▸ **WHAT IS REQUIRED**: Transcribe all the entries word for word, omitting any pictures they contain.

Items from a data source:
--------

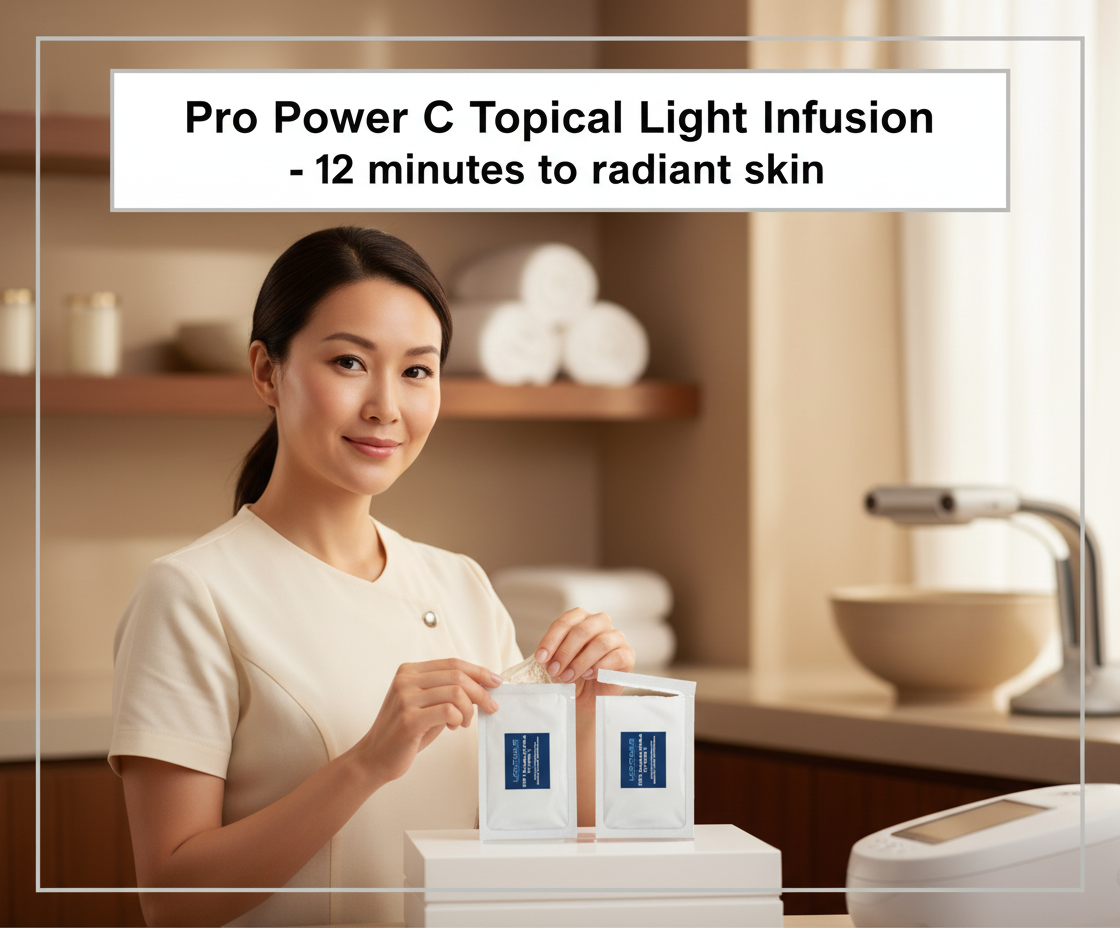 Improve your client’s natural glow with our new Pro Power C Topical Light Infusion Treatment for use with your Lightwave LED system. This concentrated 12-minute Red Light Infusion treatment utilizes powerful, proven ingredients to target fine lines, wrinkles, pigmentation and uneven skin tone and texture. Highly concentrated Power Pure™ Vitamin C Spheres are blended with Hyaluronic Acid, Sepitonic™ M3 Active Mineral Complex and Glutathione for a dose of triple-action, age fighting super-stars. This new TLI will ship with a USB update to add the new TLI programming to your LIGHTWAVE system.
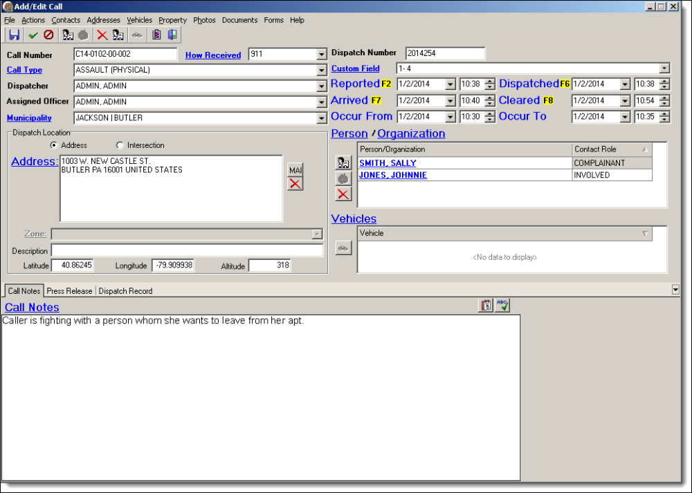 - The window for adding, and/or editing calls was redesigned as illustrated below. The new interface group’s related fields closer together to make data entry easier, thus reducing the total time needed to add or edit calls.
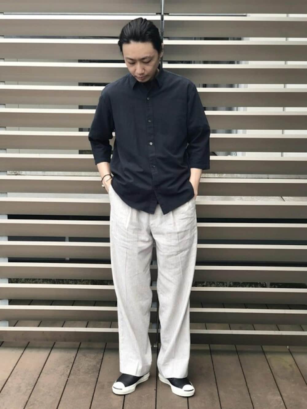 ADAM ET ROPE' HOMME STAFFのシャツ/ブラウス「〈バンブー素材〉オーバーサイズ レギュラーカラー7分袖シャツ」を使ったコーディネート
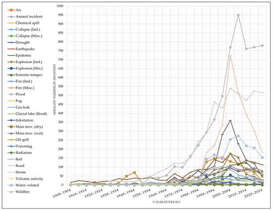 Environmental events like earthquakes, floods, hurricanes, and wildfires are driven by natural and climatic forces [,,,,,,,]. The patterns of these disasters, including their frequency, intensity, and locations, have evolved over time due to shifts in climate, land usage, and population growth [,,,,,]. Also, trends can be uncovered and high-risk areas identified through the analysis of past data, thus improving the ability to forecast and respond to future events []. In contrast, man-made (technological) disasters arise from human activities such as industrial mishaps, nuclear accidents, and oil spills. These incidents often occur due to equipment failures, human and organizational mistakes [], or weak regulatory measures. Failures can occur during the design, construction, operation or maintenance phases [,]. Insights into industrial operations and regulatory practices can be gained by examining when and where these disasters happen, leading to improved safety protocols and emergency response strategies [].
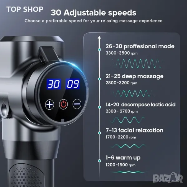 ?30 нива на интензивност и 8 масажни глави: Предлага се с 8 взаимозаменяеми масажни глави, този пистолет за мускулен масаж осигурява 1200-3500 удара в минута с регулируемо ниво на мощност от 30 интензитета, до 14 mm амплитуда и 45 паунда сила на удара. Всичко това ви позволява да регулирате скоростта и да използвате различни глави, за да имате релаксиращ масаж или ефективна терапия от врата до долната част на гърба и надолу към краката.
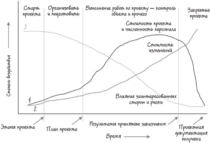 • влияние заинтересованных сторон, неопределенность проекта, возможность рисков (кривая 2);
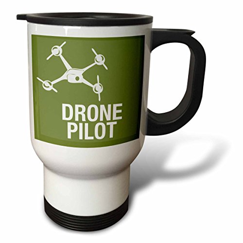 Big Green Drone with UAV Pilot Travel Mug is a great way to take your favorite hot or cold drink along. With a tapered bottom this stylish 14oz mug fits in a standard cup holder and features an easy-grip handle with thumb rest, slide opening lid and slanted drinking surface. This travel mug is made of stainless steel. Not microwave safe, hand washing is recommended.Feature
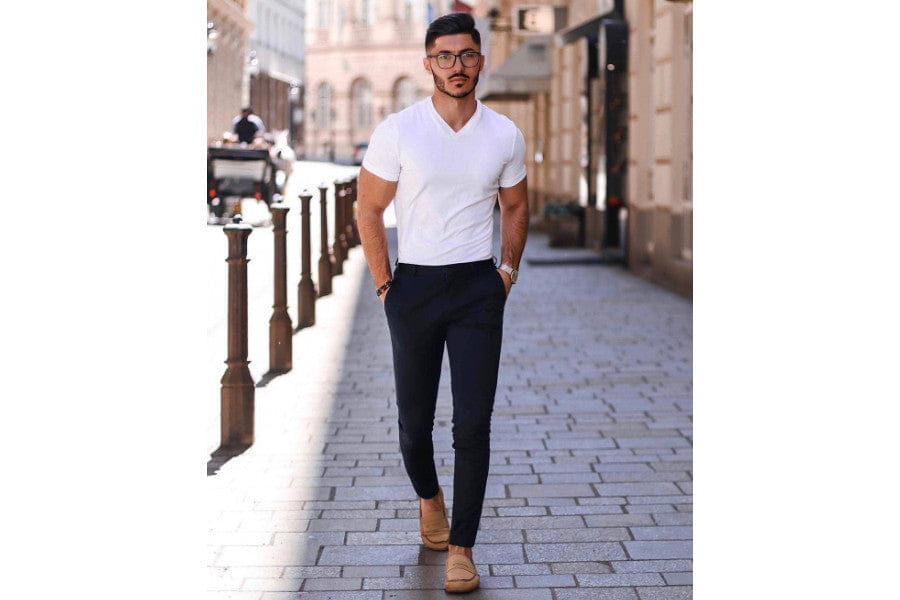 Your trousers must skim your body, not too tight, and finish just above your ankle.
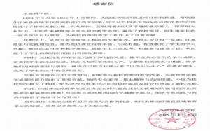 浮梁县体育学校给外国语学院的感谢信
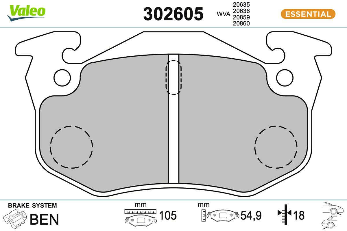 VALEO Bremsbelagsatz, Scheibenbremse 302605 ESSENTIAL
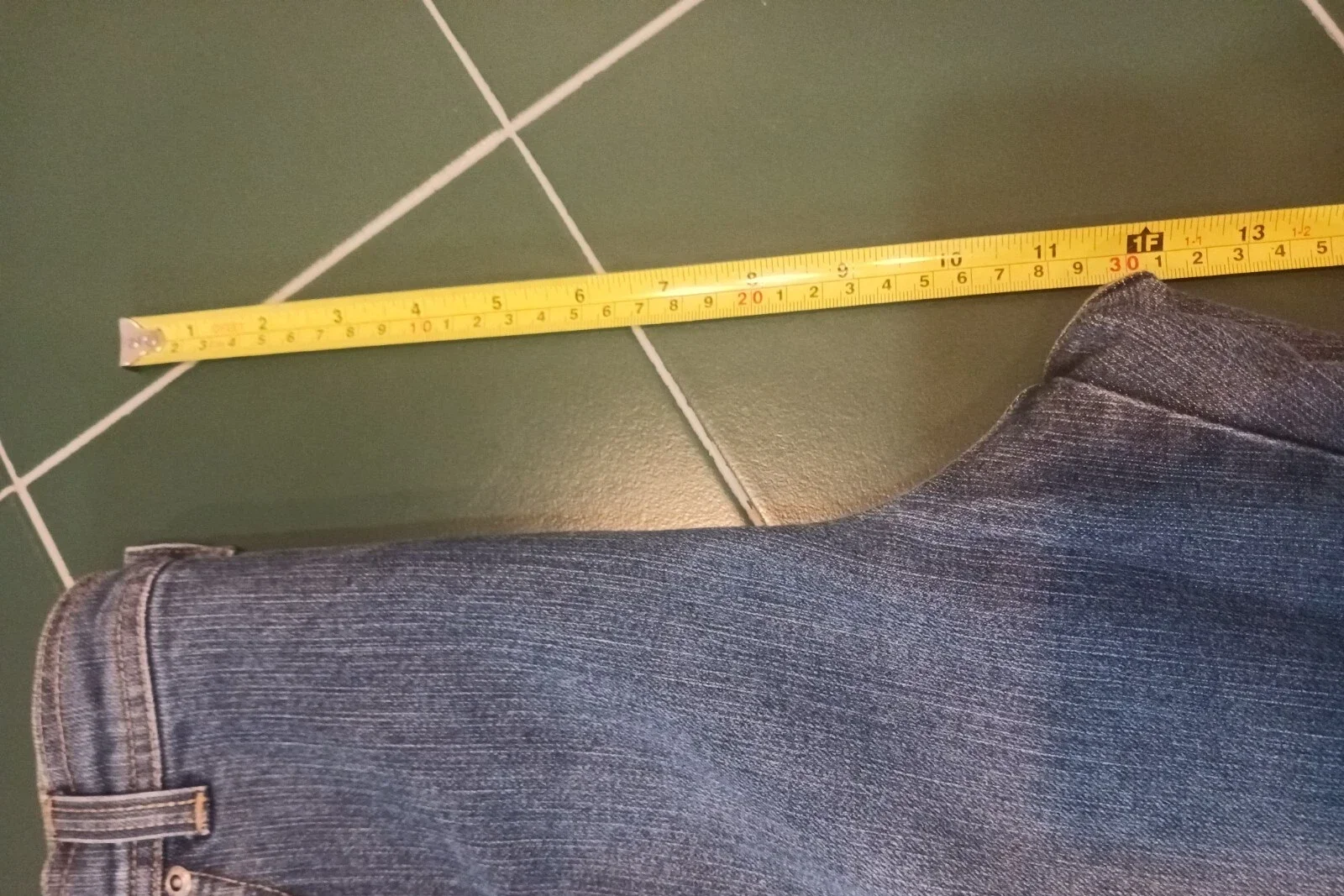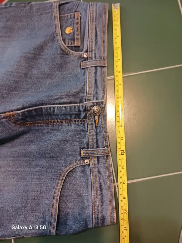 33.5" waist, 40" waist, 27" inseam and 12" rise

--------

▸ **ANSWER TO THIS PROBLEM**:
 Improve your client’s natural glow with our new Pro Power C Topical Light Infusion Treatment for use with your Lightwave LED system. This concentrated 12-minute Red Light Infusion treatment utilizes powerful, proven ingredients to target fine lines, wrinkles, pigmentation and uneven skin tone and texture. Highly concentrated Power Pure™ Vitamin C Spheres are blended with Hyaluronic Acid, Sepitonic™ M3 Active Mineral Complex and Glutathione for a dose of triple-action, age fighting super-stars. This new TLI will ship with a USB update to add the new TLI programming to your LIGHTWAVE system.
 - The window for adding, and/or editing calls was redesigned as illustrated below. The new interface group’s related fields closer together to make data entry easier, thus reducing the total time needed to add or edit calls.
 ADAM ET ROPE' HOMME STAFFのシャツ/ブラウス「〈バンブー素材〉オーバーサイズ レギュラーカラー7分袖シャツ」を使ったコーディネート
 Environmental events like earthquakes, floods, hurricanes, and wildfires are driven by natural and climatic forces [,,,,,,,]. The patterns of these disasters, including their frequency, intensity, and locations, have evolved over time due to shifts in climate, land usage, and population growth [,,,,,]. Also, trends can be uncovered and high-risk areas identified through the analysis of past data, thus improving the ability to forecast and respond to future events []. In contrast, man-made (technological) disasters arise from human activities such as industrial mishaps, nuclear accidents, and oil spills. These incidents often occur due to equipment failures, human and organizational mistakes [], or weak regulatory measures. Failures can occur during the design, construction, operation or maintenance phases [,]. Insights into industrial operations and regulatory practices can be gained by examining when and where these disasters happen, leading to improved safety protocols and emergency response strategies [].
 ?30 нива на интензивност и 8 масажни глави: Предлага се с 8 взаимозаменяеми масажни глави, този пистолет за мускулен масаж осигурява 1200-3500 удара в минута с регулируемо ниво на мощност от 30 интензитета, до 14 mm амплитуда и 45 паунда сила на удара. Всичко това ви позволява да регулирате скоростта и да използвате различни глави, за да имате релаксиращ масаж или ефективна терапия от врата до долната част на гърба и надолу към краката.
 • влияние заинтересованных сторон, неопределенность проекта, возможность рисков (кривая 2);
 Big Green Drone with UAV Pilot Travel Mug is a great way to take your favorite hot or cold drink along. With a tapered bottom this stylish 14oz mug fits in a standard cup holder and features an easy-grip handle with thumb rest, slide opening lid and slanted drinking surface. This travel mug is made of stainless steel. Not microwave safe, hand washing is recommended.Feature
 Your trousers must skim your body, not too tight, and finish just above your ankle.
 浮梁县体育学校给外国语学院的感谢信
 VALEO Bremsbelagsatz, Scheibenbremse 302605 ESSENTIAL
 33.5" waist, 40" waist, 27" inseam and 12" rise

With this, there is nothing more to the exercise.